◆ Work to be completed
Beginning with the line that contains "氣質碎花V領背心連衣裙女2025夏季新款韓系收腰顯瘦別緻短裙子潮", reproduce every line through the end of the records below exactly, and leave the pictures out.

◆ Collection entries

========================================

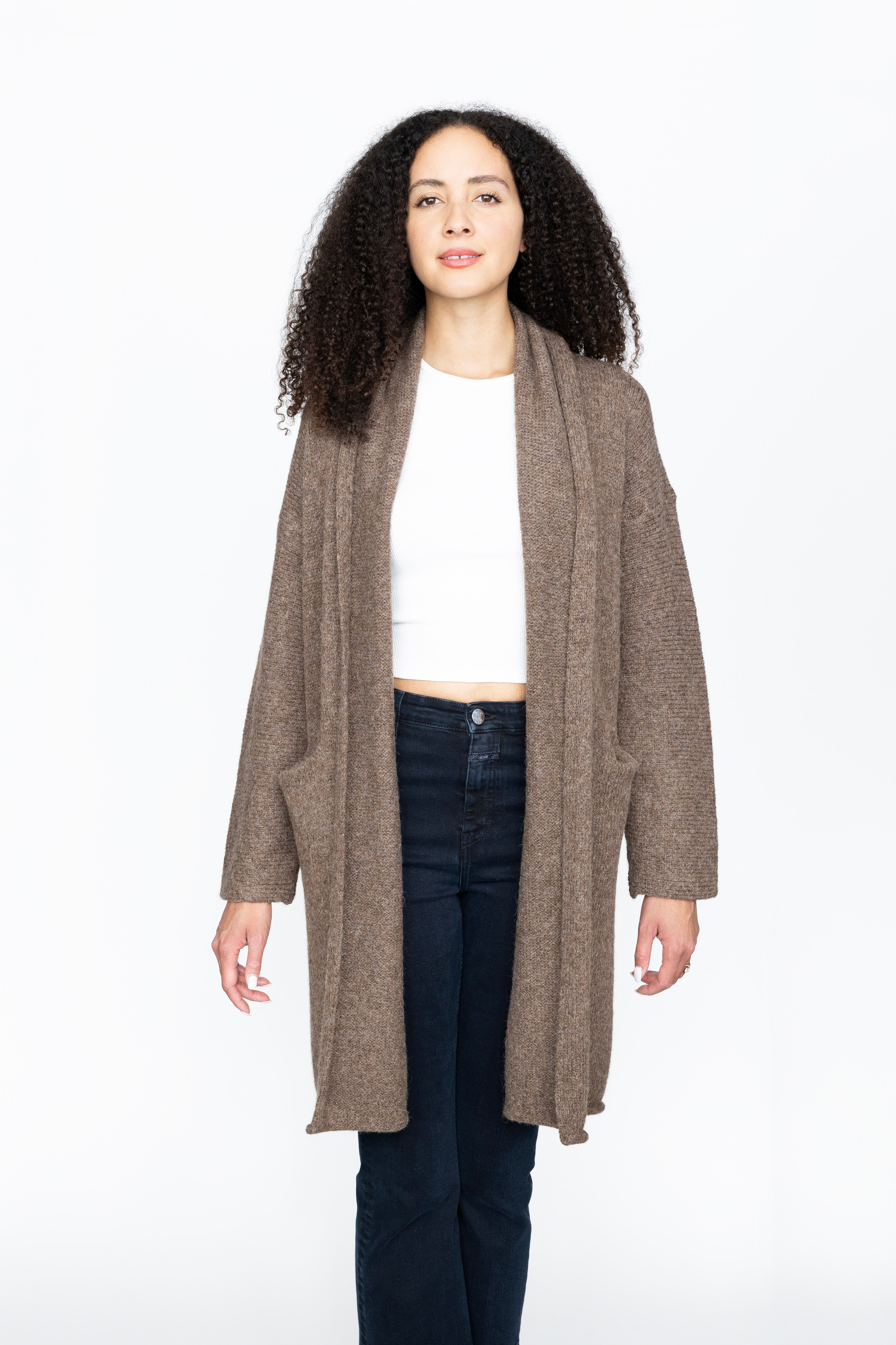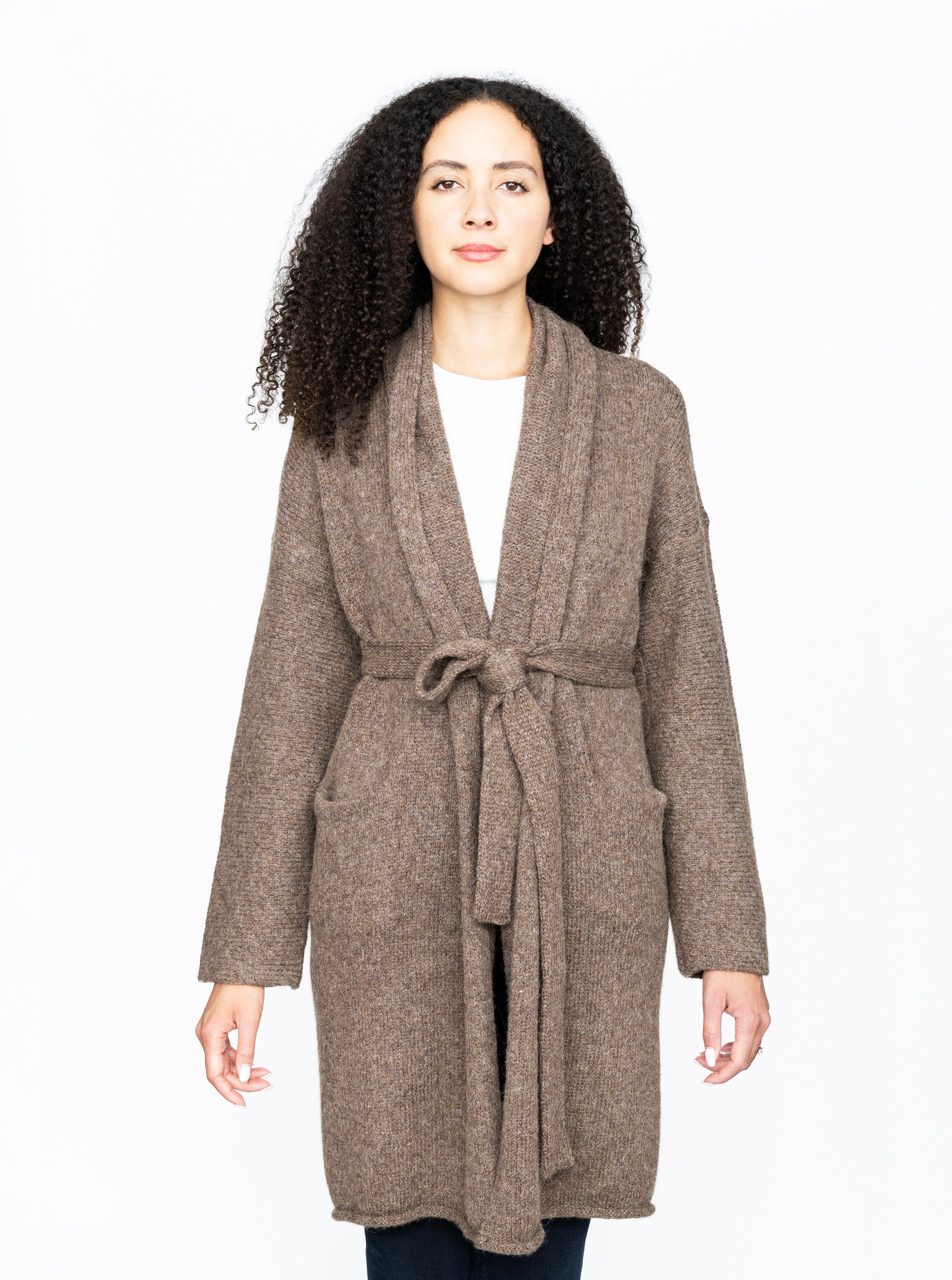 Our first in-house label, the Parker Sweater Coat crafted in partnership with producers in Peru with fair trade and sustainability as one of its core points. With a luxuriously soft and cozy alpaca wool blend, the Parker Coat in classic Capote style has an easy, effortless fit and a minimalist silhouette. Featuring dropped shoulders, two knitted front pockets, and an optional knitted belt for cinching, the Parker pairs beautifully with all your go-to closet staples--like jeans and a turtleneck, tank, or tee.
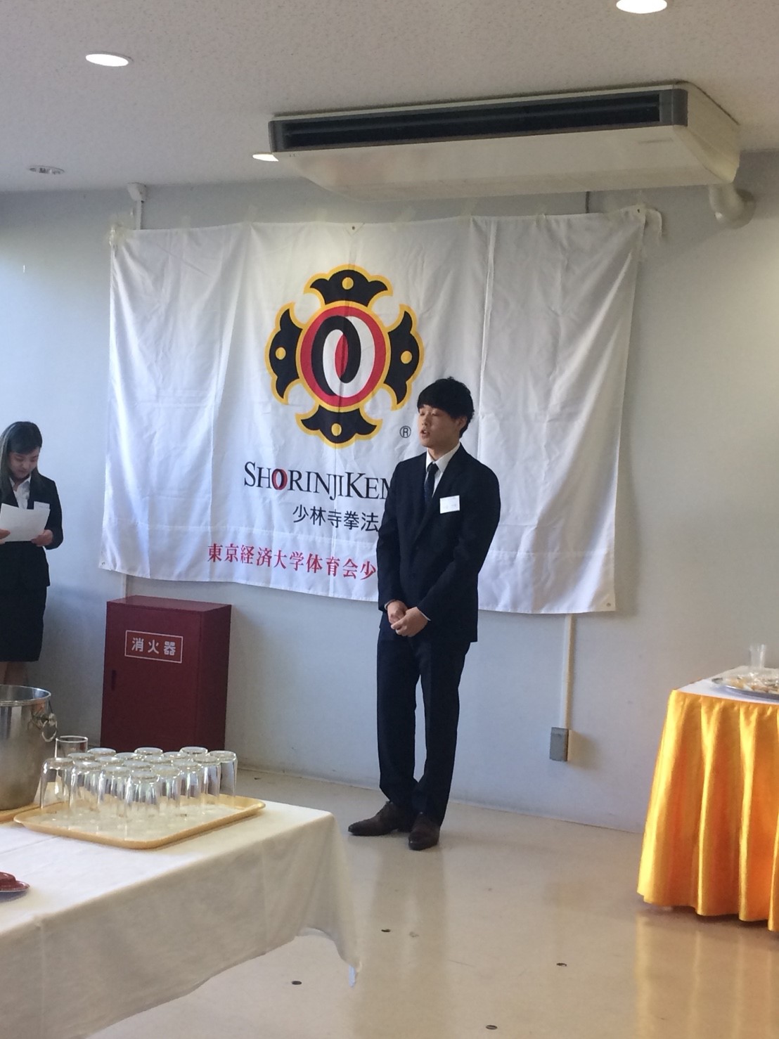 挨拶する旧主将 吉野先輩 約一年間お疲れ様です。
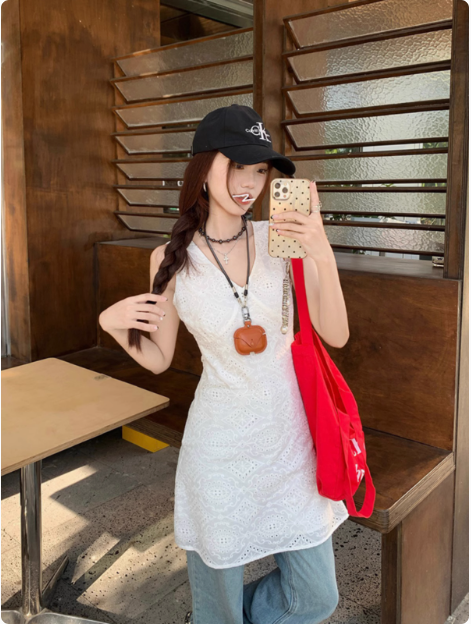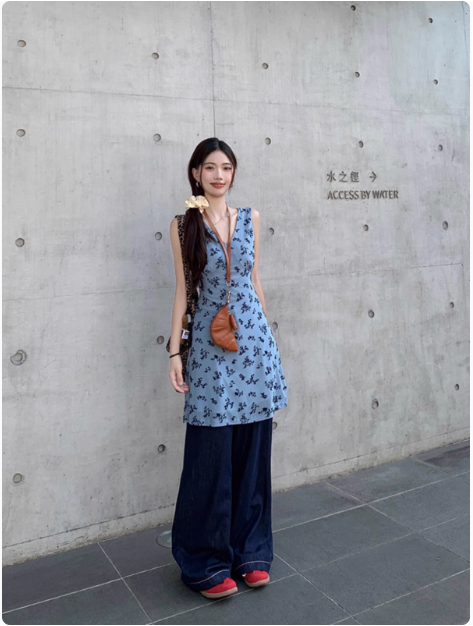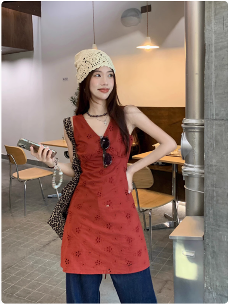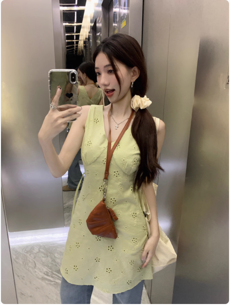 氣質碎花V領背心連衣裙女2025夏季新款韓系收腰顯瘦別緻短裙子潮
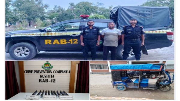 সমাচার ডেস্ক অনলাইন : কুষ্টিয়ায় র্যাবের অভিযানে ৫০ বোতল ফেনসিডিল সহ ১ মাদক কারবারী গ্রেফতার করা হয়েছে। কুষ্টিয়া জেলার ভেড়ামারা থানাধীন গাছিয়া দৌলতপুর গ্রামে” এক বিশেষ অভিযান পরিচালনা করে এই
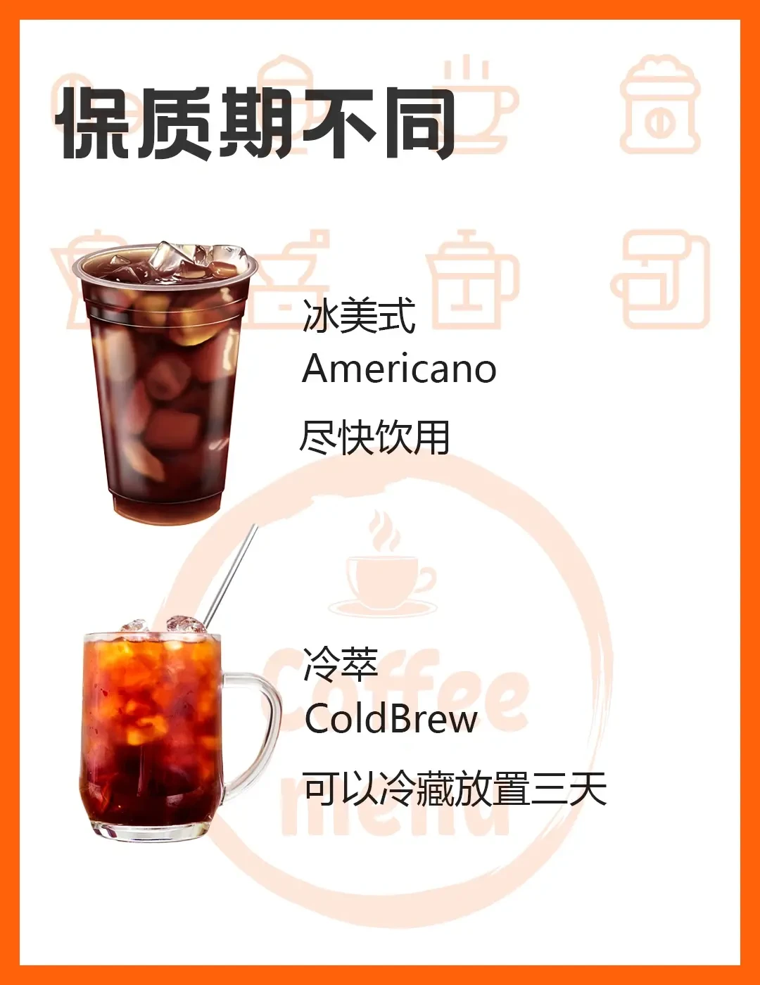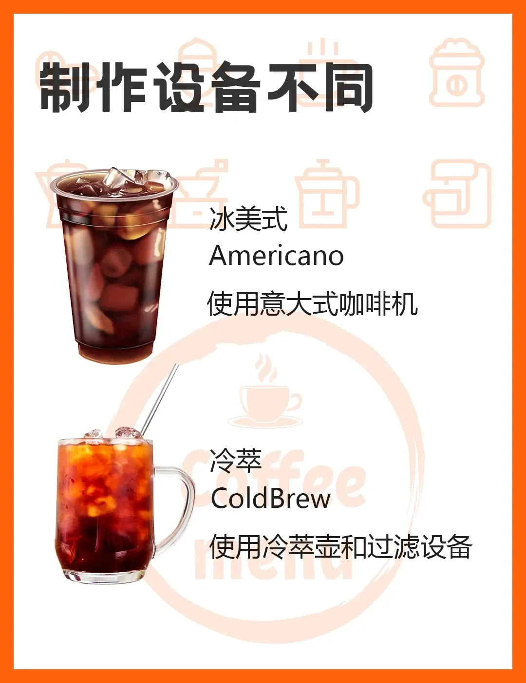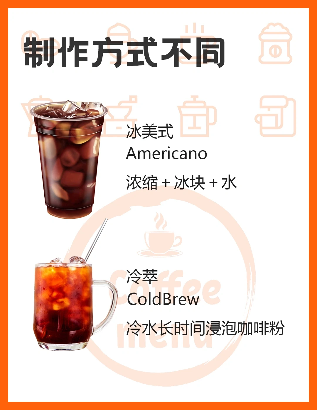 🧊冷萃:冷水长时间浸泡咖啡粉冰美式:浓缩➕冰块➕水

========================================

◆ Exercise solution
 氣質碎花V領背心連衣裙女2025夏季新款韓系收腰顯瘦別緻短裙子潮
 সমাচার ডেস্ক অনলাইন : কুষ্টিয়ায় র্যাবের অভিযানে ৫০ বোতল ফেনসিডিল সহ ১ মাদক কারবারী গ্রেফতার করা হয়েছে। কুষ্টিয়া জেলার ভেড়ামারা থানাধীন গাছিয়া দৌলতপুর গ্রামে” এক বিশেষ অভিযান পরিচালনা করে এই
 🧊冷萃:冷水长时间浸泡咖啡粉冰美式:浓缩➕冰块➕水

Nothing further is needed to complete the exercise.